Another example (when all lists can be merged):

[[1, 2], [2, 3], [3, 4]]

And it's result:

[[1, 2, 2, 3, 3, 4]]

Thanks for your help!

Answer 1

I don't know what to say about efficiency, but we can break down what's going on and get several different functionalities at least. Particular functionalities might be optimizable, but it's important to clarify exactly what's needed.

Let me rephrase the question: For some set X, some binary relation R, and some binary operation +, produce a set Q = {x+y | x in X, y in X, xRy}. So for your example, we might have X being some set of lists, R being "xRy if and only if there's at least one element in both x and y", and + being ++.

A naive implementation might just copy the set-builder notation itself

shareElement :: Eq a => [a] -> [a] -> Bool
shareElement xs ys = or [x == y | x <- xs, y <- ys]

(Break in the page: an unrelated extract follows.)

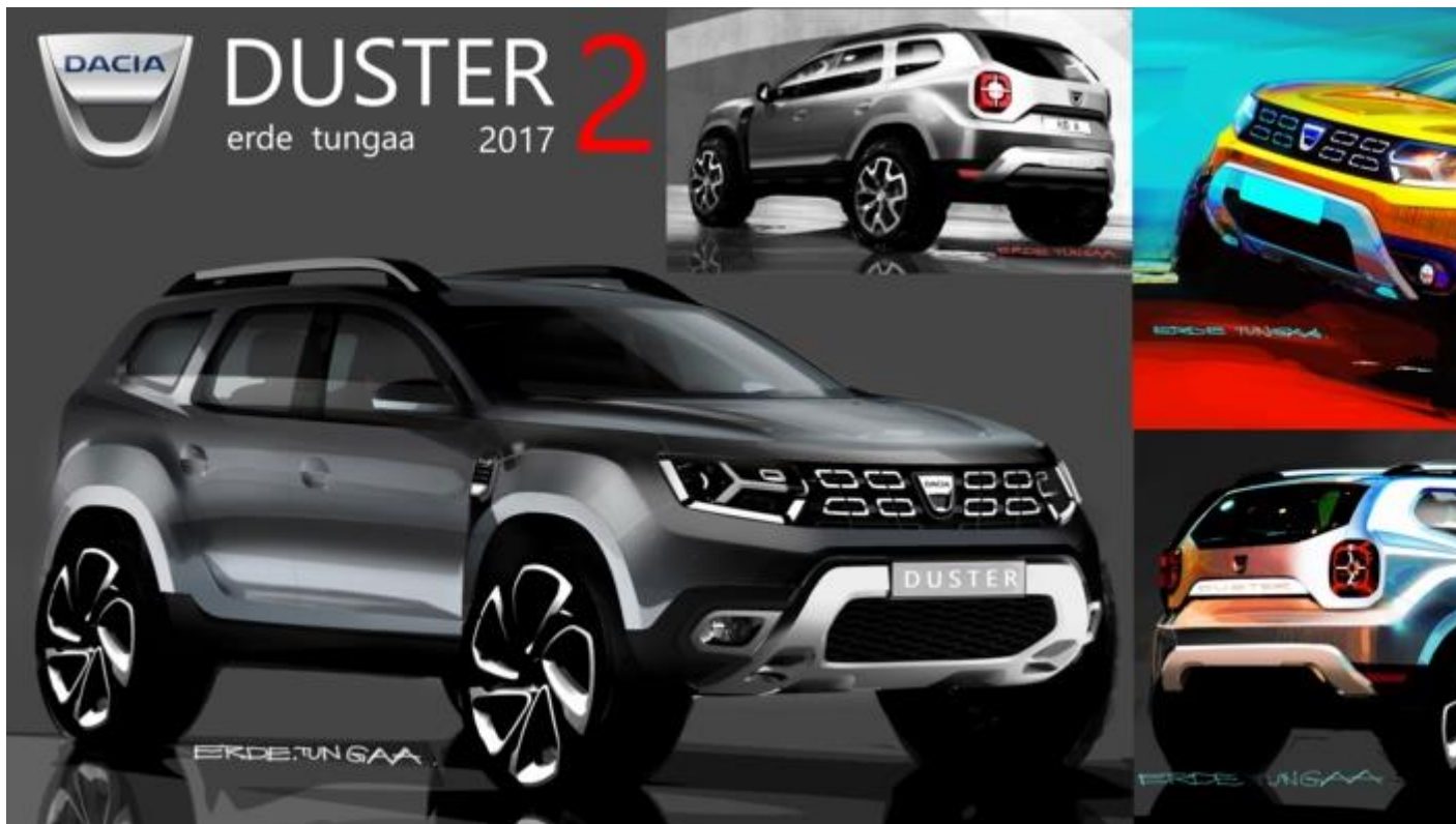
Un design plus musclé pour le Duster 2

Si le premier Duster était un best-seller, sa deuxième génération l'est encore plus. Lancée sept ans après elle, en 2017, le brief pour elle était clair : conserver l'ADN de Duster, être dans la continuité, tout en proposant une meilleure version. Après de nombreux concours en interne et des dessins très inspirants, une version est vite ressortie : design plus musclé, ceinture de caisse remontée, custode relevée vers l'arrière et une calandre reconnaissable plus affirmée.

v1 :: (a -> a -> Bool) -> (a -> a -> b) -> [a] -> [b]
v1 (?) (<>) xs = [x <> y | x <- xs, y <- xs, x ? y]

then p = v1 shareElement (++) :: Eq a => [[a]] -> [[a]] might achieve what you want. Except it probably doesn't.

Prelude> p [[1], [1]]
[[1,1],[1,1],[1,1],[1,1]]

The most obvious problem is that we get four copies: two from merging the lists with themselves, two from merging the lists with each other "in both directions". The problem occurs because List isn't the same as Set so we can't kill uniques. Of course, that's an easy fix, we'll just use Set everywhere

import Data.Set as Set

v2 :: (a -> a -> Bool) -> (a -> a -> b) -> Set.Set a -> Set.Set b
v2 (?) (<>) = Set.fromList . v1 (?) (<>) . Set.toList

So we can try again, p = v2 (shareElementonSet.toList) Set.union with

Prelude Set> p $ Set.fromList $ map Set.fromList [[1,2], [2,1]]
fromList [fromList [1,2]]

which seems to work. Note that we have to "go through" List because Set can't be made an instance of Monad or Applicative due to its Ord constraint.

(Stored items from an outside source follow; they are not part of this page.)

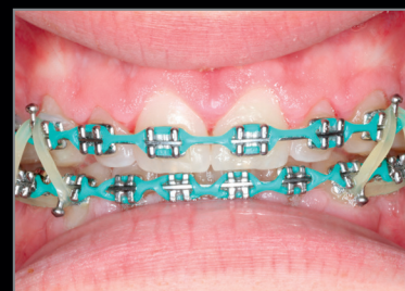
30 giorni post-intervento
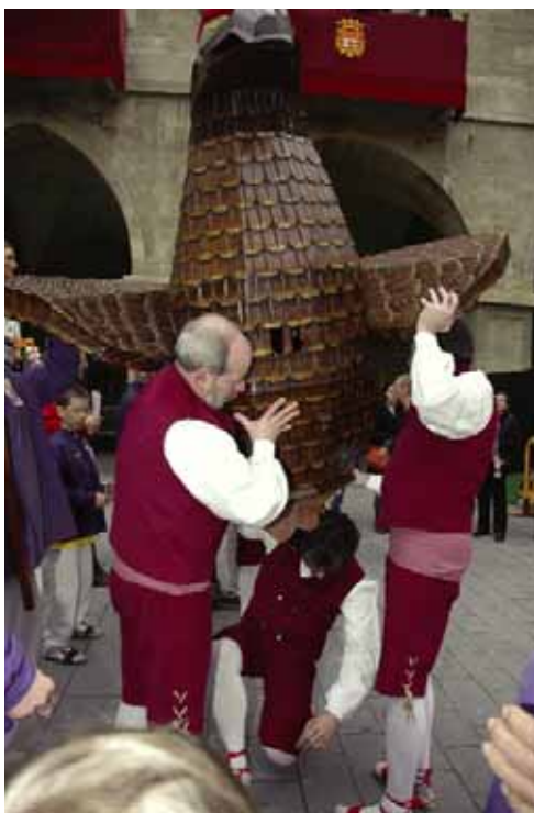
La colla dels geganters s'encarrega de dur les figures dels gegants, els nans i l'àliga.
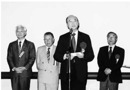
大島校友会副会長のご挨拶
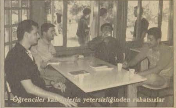
Öğrenciler kantinlerin yetersizliğinden rahatsızlar

Öğrenciler, ders dışı zamanlarını geçirdikleri okul kantinlerinden memnun değil. Kampus hayatında oldukça önemli bir yer sahip olan kantinlerdeki farklı uygulamalardan ve eksikliklerden dolayı rahatsızlık duyduklarını belirten öğrenciler, özellikle öğle tatillerinde okul kantinlerinden gereğince faydalanamadıklarını söylediler.
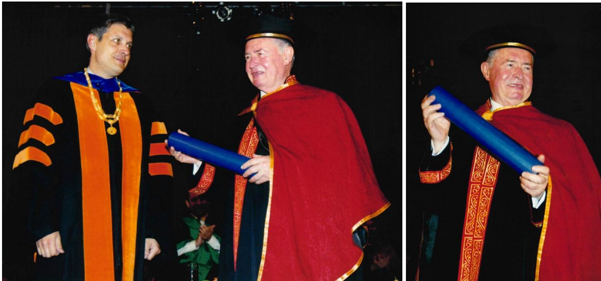
Φωτογραφία 6: Στιγμιότυπο από την Τελετή Αναγόρευσης του Γιώργου Βασιλείου σε Επίτιμο Διδάκτορα της Σχολής Οικονομικών Επιστημών και Διοίκησης. Στη φωτογραφία με τον Πρώην Πρύτανη Καθηγητή Σταύρο Ζένιο, 2003.
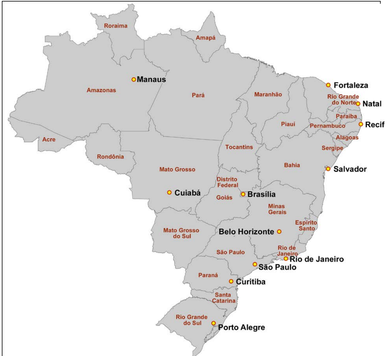
Fig. 1 -. Emplacements des stades où vont se jouer les matchs de la coupe du monde de football 2014 et Etats du Brésil
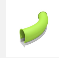
1.10.42.02 Überdeckung zu Kurve rechts 360
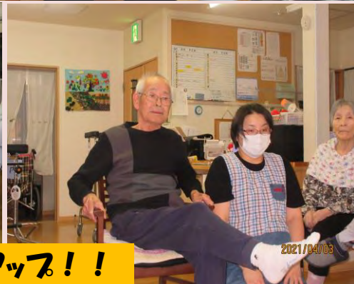
スリッパ飛ばして足の筋力アップ！！
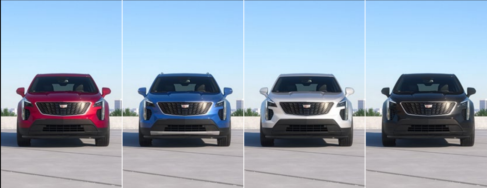
RADIANT RED METALLIC
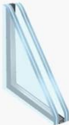
Double Laminated Insulated Glass
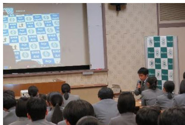
積極的に質問しています②
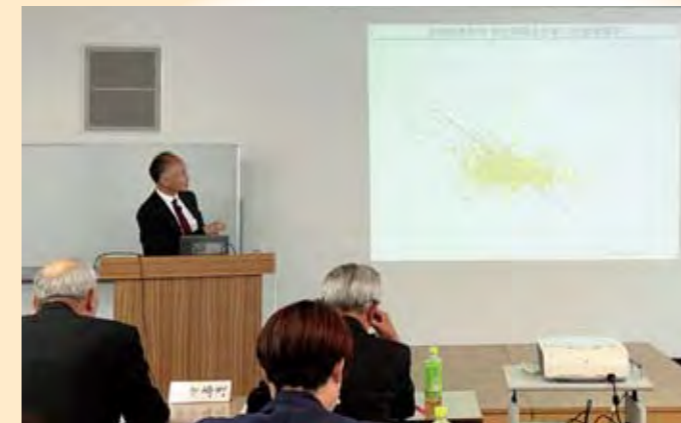
地方自治は課題が様々

I'd also note that there's a lot of lost behavior in Set. For instance, we fight either throwing away order information in the list or having to handle both x <> y and y <> x when our relation is symmetric.

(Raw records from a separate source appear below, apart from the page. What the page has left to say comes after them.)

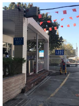
深圳海星港口发展有限公司张贴公示
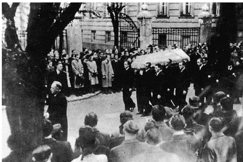
Obrázek 1: Pohřeb Jana Opletala
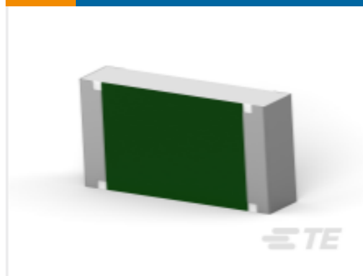
TE 产品编号 2176398-2 3502 15K 1%
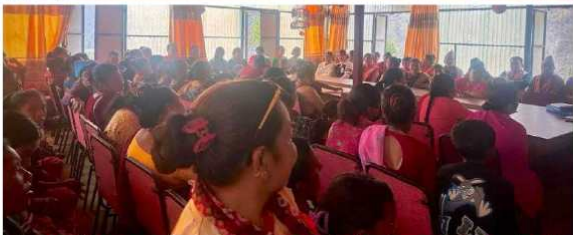
महिला तथा बालबालिका शाखाद्वारा "महिलामा लगानी सम्बन्ध र समुन्नत समाजको बालनी" भन्ने नाराका साथ ११४ औं अन्तराष्ट्रिय श्रमिक नारी दिवसको अवसरमा आयोजित अन्तरक्रिया तथा शुभकामना आदान-प्रदान कार्यक्रमको केही भलकहरू
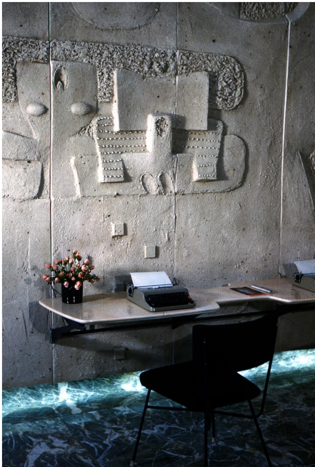
2 | BBPR, Negozio Olivetti di New York, dettaglio dell'allestimento interno con le macchine da scrivere esposte e messe a disposizione per la prova, demolito. Foto d'epoca.
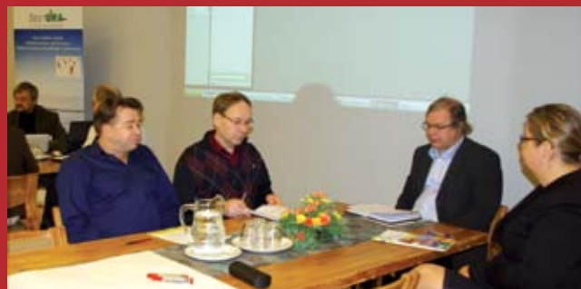
Uusi SeutUra -hanke järjesti "Joustava työelämä – parempi elämä" -askeleita työpajan, jossa etsittiin Pielisen Karjalan Tulevaisuusfoorumin teemasta konkreettisia toimenpide-ehdotuksia.
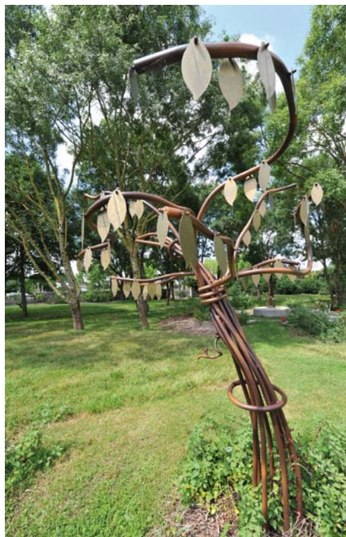
Arbre de printemps

Le jardin du souvenir offre la possibilité de procéder à la dispersion des cendres d'un défunt sans matérialisation de l'espace, si ce n'est par une feuille symbolique en laiton fournie par la Ville de Niort, gravée au nom du disparu et suspendue dans l'Arbre des Printemps. Ce geste, comme celui d'enfouir les cendres et de les recouvrir d'un broyat, peut être réalisé par un agent municipal ou par la famille si elle le souhaite. Seules des fleurs naturelles coupées peuvent être déposées dans des vases prévus à cet effet, aucun autre fleurissement ou objet funéraire n'est autorisé.

Some more convenient versions can be written like

v3 :: Monoid a => (a -> a -> Bool) -> [a] -> [a]
v3 r = v2 r mappend

and more efficient ones can be built if we assume that the relationship is, say, an equality relation since then instead of having an O(n^2) operation we can do it in O(nd) where d is the number of partitions (cosets) of the relation.

Generally, it's a really interesting problem.

Answer 2

I just happened to write something similar here: Finding blocks in arrays

You can just modify it so (although I'm not too sure about the efficiency):

import Data.List (delete, intersect) 

example1 = [[1, 2, 3], [3, 5, 6], [20, 21, 22]]
example2 = [[1, 2], [2, 3], [3, 4]]

objects zs = map concat . solve zs $ [] where
  areConnected x y = not . null . intersect x $ y
  solve []     result = result
  solve (x:xs) result =
    let result' = solve' xs [x]
    in solve (foldr delete xs result') (result':result) where
  solve' xs result =
    let ys = filter (\y -> any (areConnected y) result) xs
    in if null ys 
          then result
          else solve' (foldr delete xs ys) (ys ++ result)

OUTPUT:

*Main> objects example1
[[20,21,22],[3,5,6,1,2,3]]

*Main> objects example2
[[3,4,2,3,1,2]]